Decoration of TRPP2-TRPV4 channels with anti-Myc and anti-V5 antibodies. (A) Gallery of zoomed images of particles that are undecorated (top), decorated by one or two anti-Myc antibodies (middle), or decorated by one or two anti-V5 antibodies (bottom). Angles between pairs of antibodies are indicated. (Right) Shade-height scale. (B) Frequency distributions of angles between pairs of bound anti-Myc and anti-V5 antibodies. The curves indicate the fitted Gaussian functions.

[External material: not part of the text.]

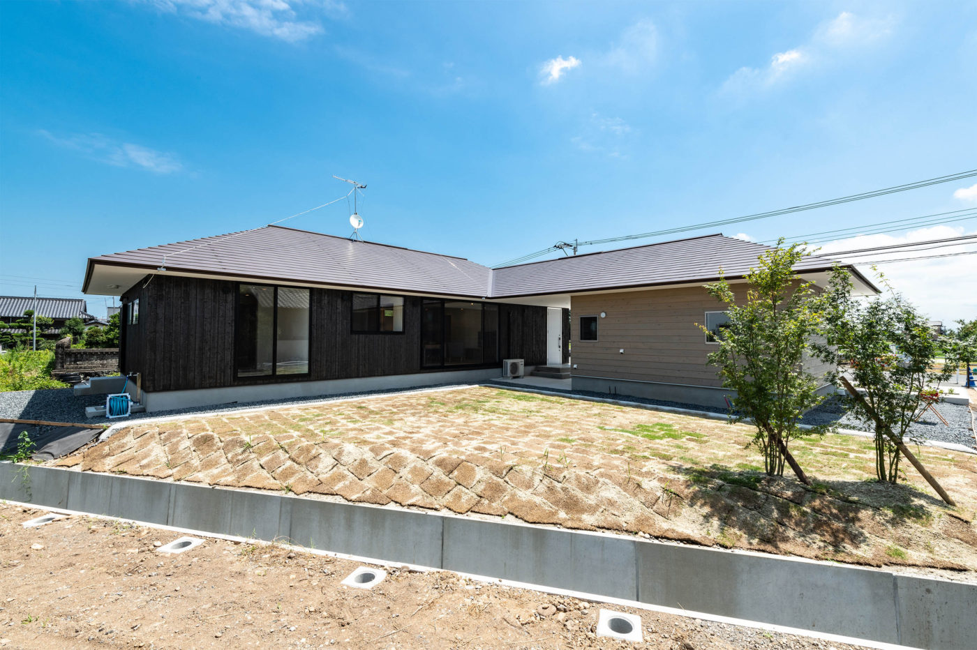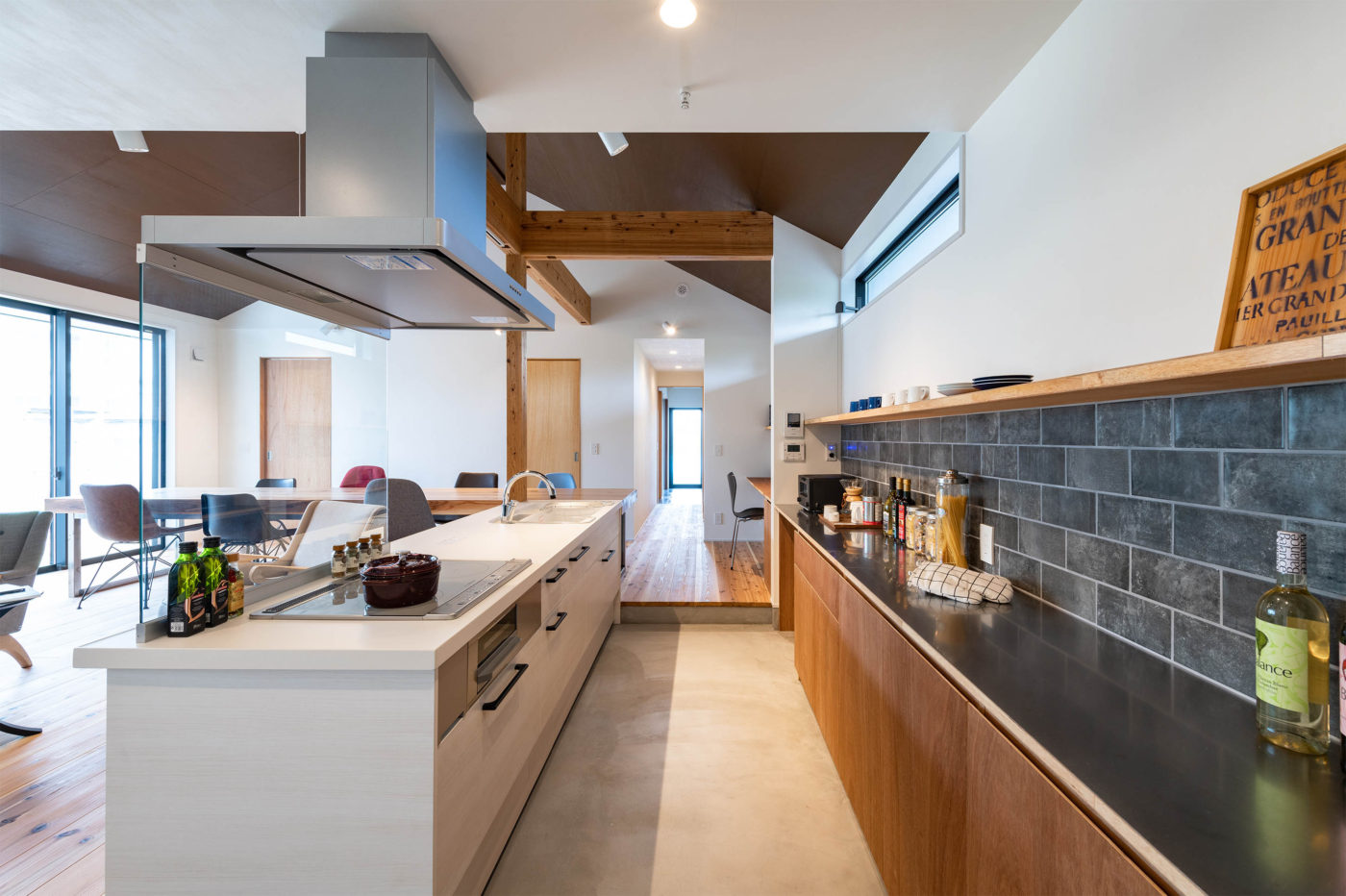 「美容院を始めたい」の一言から始まったプロジェクト。一般的には店舗と住宅をくっつけるのですが、あえて離すことによって、仕事とプライベートを大切にすることができます。屋根は一つで、真ん中に空間、抜け間を作り、家のむこうに景色が広がる住宅を考えました。家と景色、仕事とプライベートを結びつけた「結びの家」と名付けました。

The peaks of the distributions are indicated. (C) (Diagram) Predominant subunit arrangement within the TRPP2-TRPV4 heteromer, as revealed by the antibody decoration patterns.

Figure 6

Decoration of TRPP2-TRPV4 channels isolated from cells expressing TRPP2-Myc and TRPV4-V5/His₆ with anti-Myc antibodies. (A) Gallery of zoomed images of particles decorated by two anti-Myc antibodies. Angles between pairs of antibodies are indicated. (Right) Shade-height scale. (B) Frequency distributions of angles between pairs of bound anti-Myc antibodies. (Curve) Fitted Gaussian function. The peak of the distribution is indicated. (C) (Diagram) Subunit arrangement within the TRPP2-TRPV4 heteromer, as revealed by the antibody decoration pattern.